From Education Week by Liana Heitlin:
U.S. performance in reading, math, and science has remained stagnant since 2009 as other nations have plowed ahead, according to new results from a prominent international assessment.

Nineteen countries and education systems scored higher than the United States in reading on the 2012 Program for International Student Assessment, or PISA, up from nine systems when the test was last administered in 2009. Germany and Poland, for instance, have seen steady gains on the reading assessment over time, and are now ahead of the United States.

In mathematics, 29 nations and other jurisdictions outperformed the United States by a statistically significant margin, up from 23 three years ago, the results released Tuesday show. The nations that eclipsed the U.S. average included not only traditional high fliers like South Korea and Singapore, but also Austria, the United Kingdom, and Vietnam.

In science, 22 education systems scored above the U.S. average, up from 18 in 2009.

“While we’re standing still, other countries are making progress,” said Jack Buckley, the commissioner of the National Center for Education Statistics, which issued the U.S. report on PISA.

The global assessment compares reading, math, and science “literacy”—or knowledge and application of skills—among 15-year-olds internationally. For the first time, the report also includes separately reported results for public school students in three American states: Connecticut, Florida, and Massachusetts.

Massachusetts, long a top-performing U.S. state, demonstrated especially strong performance on the global stage: It scored better than the average for leading industrialized nations in all subjects.

Mitchell D. Chester, the education commissioner for Massachusetts, said the new PISA data “helped reinforce that our students are performing among some of the better-performing nations in the world, and it also made clear to me that we shouldn’t be complacent.”

Shanghai Tops Rankings

Among the 65 participating education systems, the highest performer in all three subjects was Shanghai, though the methodology around treating the Chinese city as a stand-alone system has raised eyebrows.
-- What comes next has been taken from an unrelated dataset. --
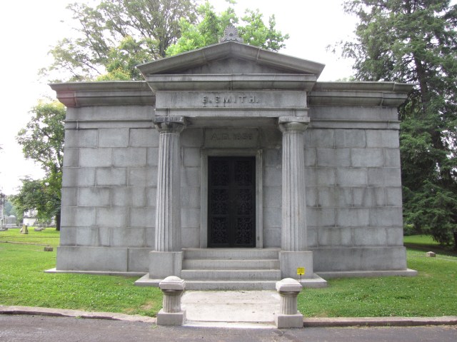 The Earthly remains of Benjamin and Irene Smith were laid to rest in a solemn and gray granite Greek revival-style mausoleum. The mausoleum is of the Doric order—characterized by the fluted columns with no base resting directly on the stylobate, slightly curved and unadorned capital. The architrave (stone panel that traces around the building just above the column) is truncated and plain, as is the frieze which is generally enhanced with trigyphs and bas-reliefs. The cornice (the triangle-shaped architectural element above the door) is topped with an acanthus stone work called an acroterion all which completes the plain and solemn tomb.
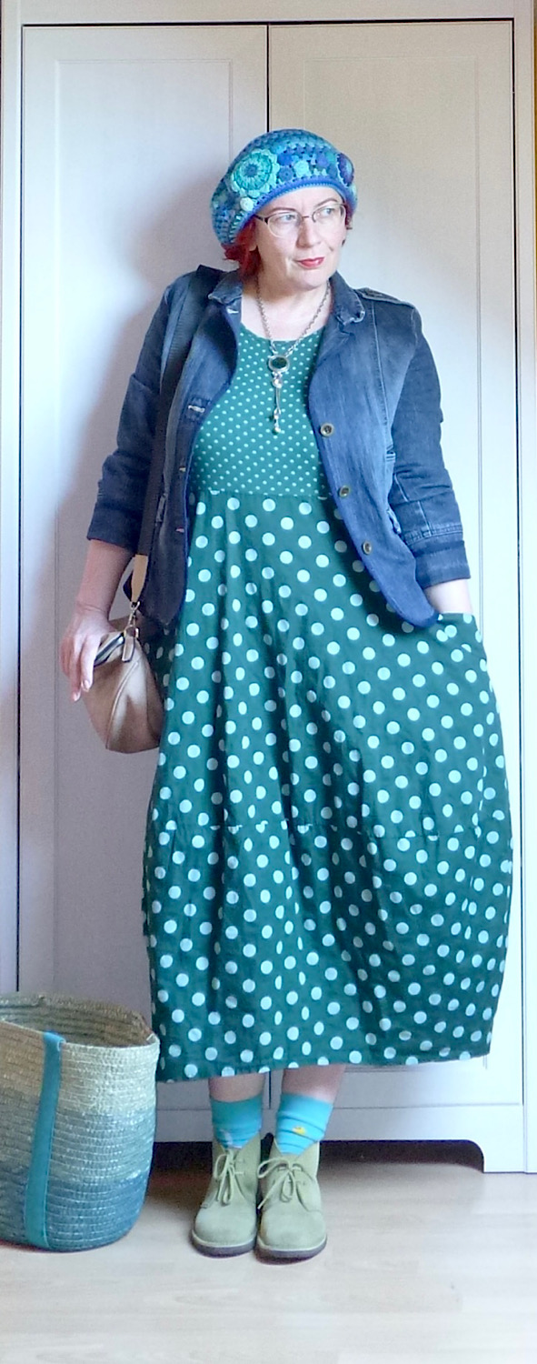 Végre kegyes hozzánk az időjárás, megengedte, hogy belecibáljam magam a “negyven fölötti szentendrei asszony piacra megy” egyenruhába, ami farmerdzseki+buggyruha+csüngü kombinációt jelent. A felemás zokni (most már hat év gyűjtögetés után van belőle vagy ötven pár, alig maradt a készleteimben olyan zokni, ami nem felemás) meg a horgolt sapka (a hajam kriminális állapotban van, jövő héten fodrászhoz viszem) csak ráadás.

Overall, U.S. performance in reading and science was on par, as it was three years ago, with the average for the 34 industrialized nations in the Organization for Economic Cooperation and Development. And once again, U.S. scores were below the OECD average in math.

“It’s a policy question whether one should be OK with average,” Mr. Buckley said. “I’d be more willing to tolerate our position if I saw that we were improving.”

The United States continued to have its strongest showing in reading, though there was no measurable change from its 2009 scores. On the PISA scale of 1 to 1,000, the nation scored 498 in reading, statistically similar to the OECD average of 496 and well below Shanghai’s 570.

Massachusetts scored 527 in reading, outperforming all but three education systems. Connecticut came in just behind its neighbor state. Florida’s score was not statistically different from the U.S. average.

While Americans’ reading scores were flat, 10 education systems have surpassed the United States in the subject since 2009, including Ireland, Chinese Taipei (Taiwan), Poland, Estonia, the Netherlands, and Germany.

The 2012 reading results seem “particularly dramatic,” Mr. Buckley said, because several countries that were tied with the United States in 2009 made just enough improvement to statistically edge ahead.

Countries that have demonstrated a “strong multiyear history of sustained improvement” include Germany and Poland, he noted. “That’s a very different trajectory than the U.S. has observed,” Mr. Buckley said.

In math, the United States scored 481, measurably lower than the OECD average. Poland, Vietnam, Austria, Ireland, the United Kingdom, Latvia, and Luxembourg all overtook the United States by statistically significant margins in the math standings for 2012, while Norway dropped behind.